__Work to complete__. For this exercise, repeat exactly the lines below starting at the line holding "Lekka, naturalna i" and ending at the line holding "中证财讯 通化金马(0007", both included, with no extra lines and no pictures.

__Dataset content__.
- - - - - - -
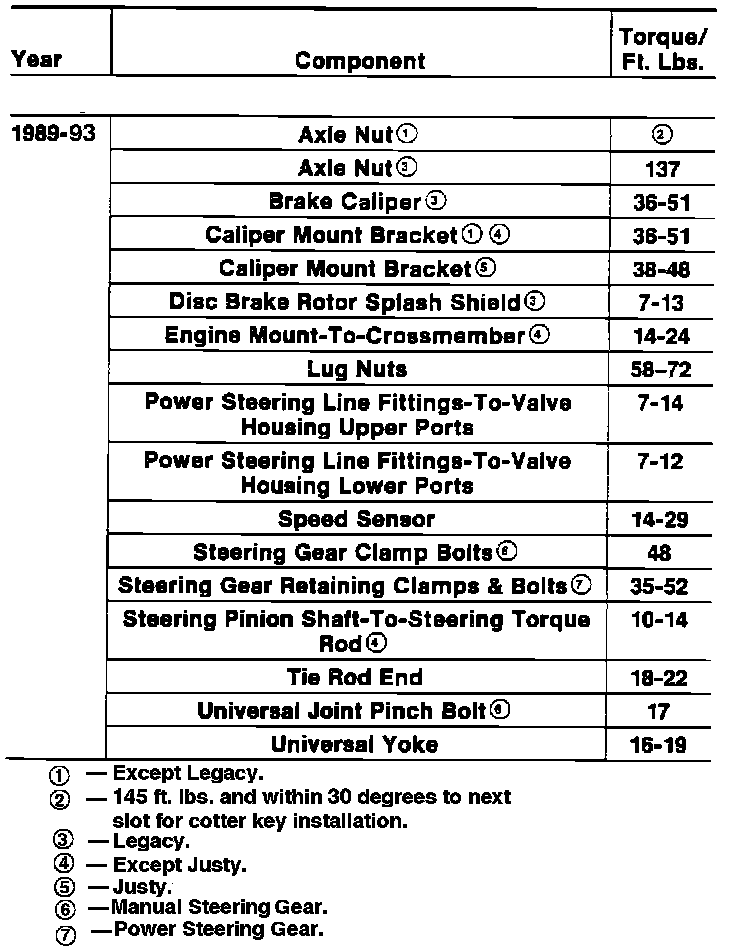 Tightening Specifications:
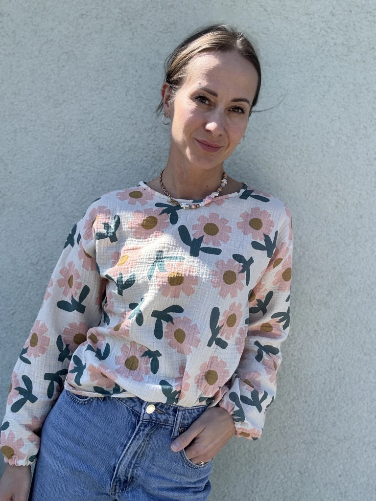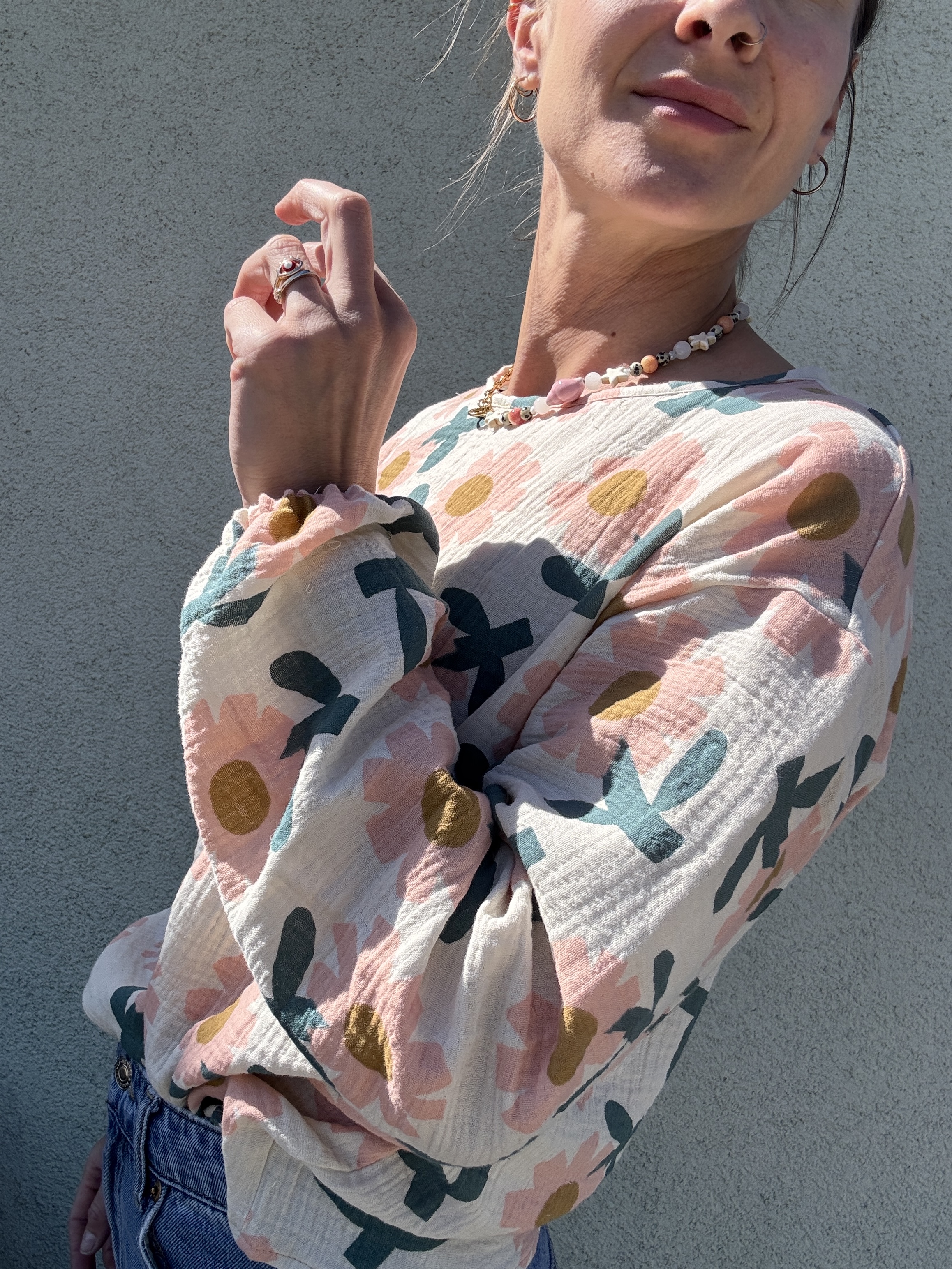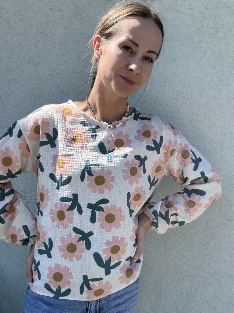 Lekka, naturalna i swobodna w formie — ta koszula muślinowa w słomkowym odcieniu, ozdobiona delikatnym, losowym wzorem kwiatów, łączy wygodę z subtelną kobiecością. To model, który dobrze wpisuje się w codzienny rytm, ale zostaje w garderobie na dłużej.
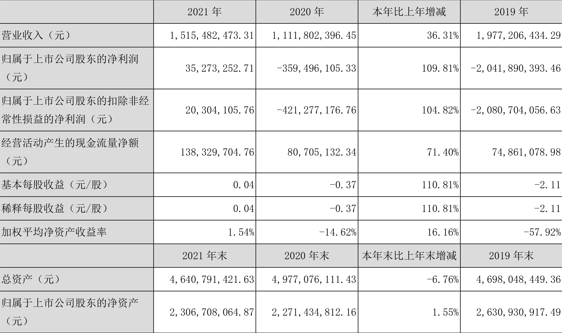 中证财讯 通化金马(000766)4月19日披露2021年年度报告,益达娱乐实现营业收入15.15亿元,同比增长36.31%;归母净利润3527.33万元,同比扭亏;扣非净利润2030.41万元,同比扭亏;经营活动产生的现金流量净额为1.38亿元,同比增长71.40%;基本每股收益为0.04元,加权平均净资产收益率为1.54%。
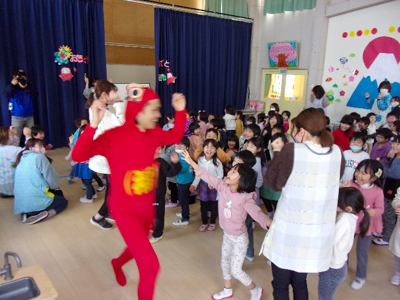 ダルマさんが演じるパネルシアターを見て最後は一緒にダンスを踊り楽しい誕生会を終えました。
- - - - - - -
__Task answer__.
 Lekka, naturalna i swobodna w formie — ta koszula muślinowa w słomkowym odcieniu, ozdobiona delikatnym, losowym wzorem kwiatów, łączy wygodę z subtelną kobiecością. To model, który dobrze wpisuje się w codzienny rytm, ale zostaje w garderobie na dłużej.
 中证财讯 通化金马(000766)4月19日披露2021年年度报告,益达娱乐实现营业收入15.15亿元,同比增长36.31%;归母净利润3527.33万元,同比扭亏;扣非净利润2030.41万元,同比扭亏;经营活动产生的现金流量净额为1.38亿元,同比增长71.40%;基本每股收益为0.04元,加权平均净资产收益率为1.54%。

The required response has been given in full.